Back
Faith G. Harper: This Is Your Brain on Depression (2018, Microcosm Publishing) 4 stars

When we are at our healthiest, we have a larger experience of life. Like the top of the funnel, you can pour in these stressors and have room for them to exist without spillover. Then depressive symptoms kick in (sleep problems, decreased energy, etc.), and this is where the funnel starts to narrow, because we start letting go of the things that seem the most optional. You know. The self-care stuff, like getting enough good quality sleep, eating the foods that are healthiest for our bodies, moving those same-said bodies around a little bit, etc. The problem is, the optional things are the things that most nourish us. So, we funnel into a narrower and narrower way of living as we are depleted more and more. Eventually the only things left are the stressful things we should attend to, rather than the things that give us joy. Trying to manage depression leads us to do the exact things that reinforce the depression instead.

This Is Your Brain on Depression by  (11%)
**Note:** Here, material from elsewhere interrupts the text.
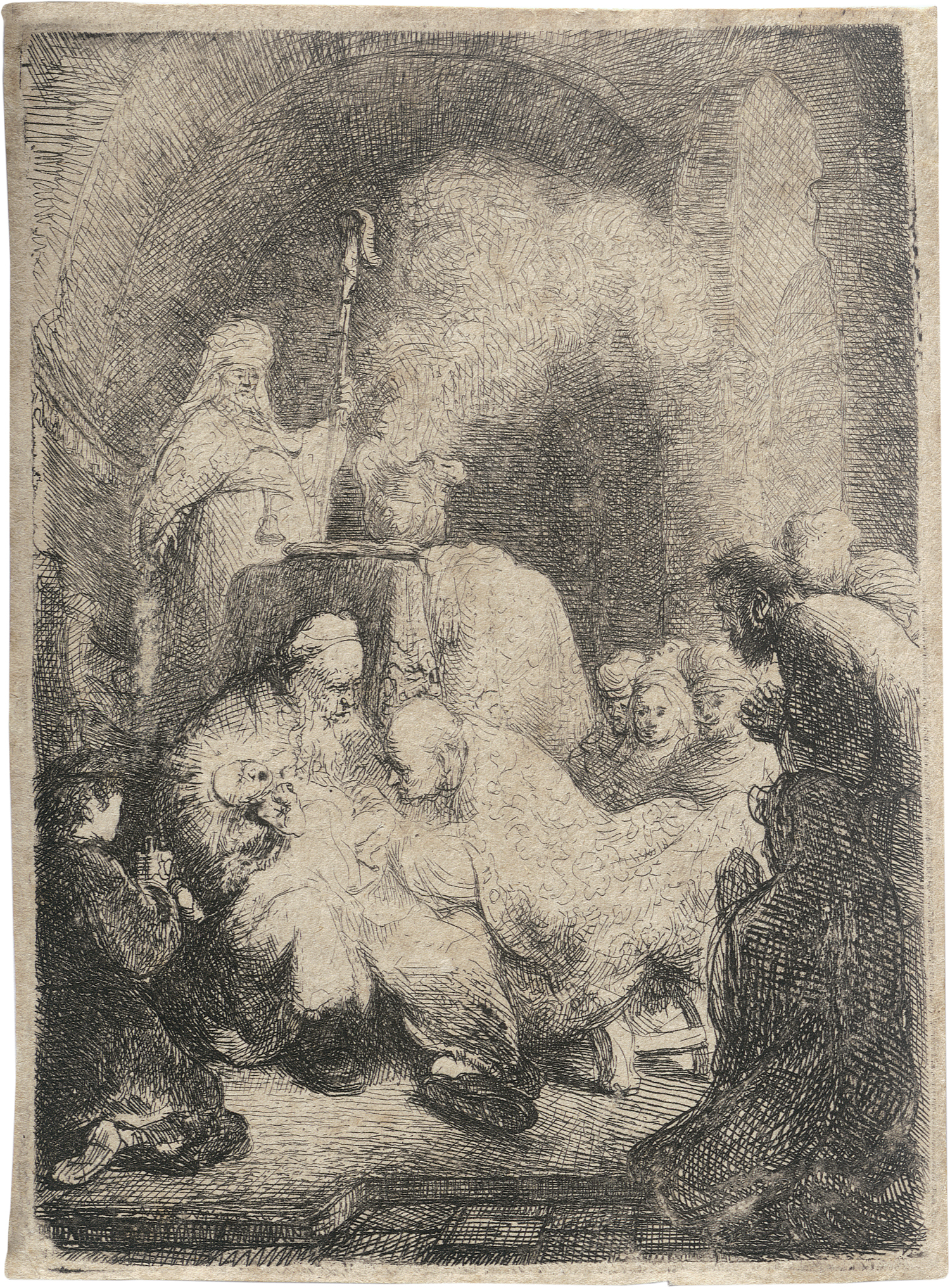 Die Beschneidung: kleine Platte. Radierung. 8,9 x 6,4 cm. Um 1630. B. 48, White/Boon (Hollstein) 48, Nowell-Usticke 48, Hinterding/Rutgers (New Hollstein) 55.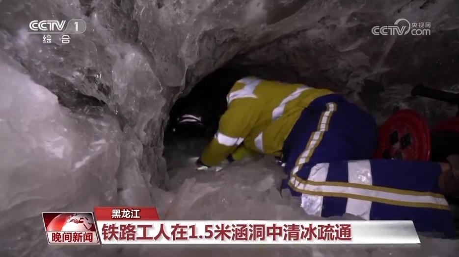 【黑龍江】鐵路工人在1.5米涵洞中清冰疏通

The concept of depression funnel / exhaustion funnel put words on what has been my main problem since the first lockdown (it actually goes back quite a bit, but the pandemic exacerbated it): I had more time for myself and filled it with too many productive activities, with things I thought I should do, and not enough things that I just like to do, things that bring me joy.

Looking back at 2021, I'm happy I read so many books-that-weren't-comics (last time it happened, I was a child... probably?), but maybe I should slow down a bit on Very Serious Non-Fiction Books About Important Topics™ and make more space for silly stuff and fiction.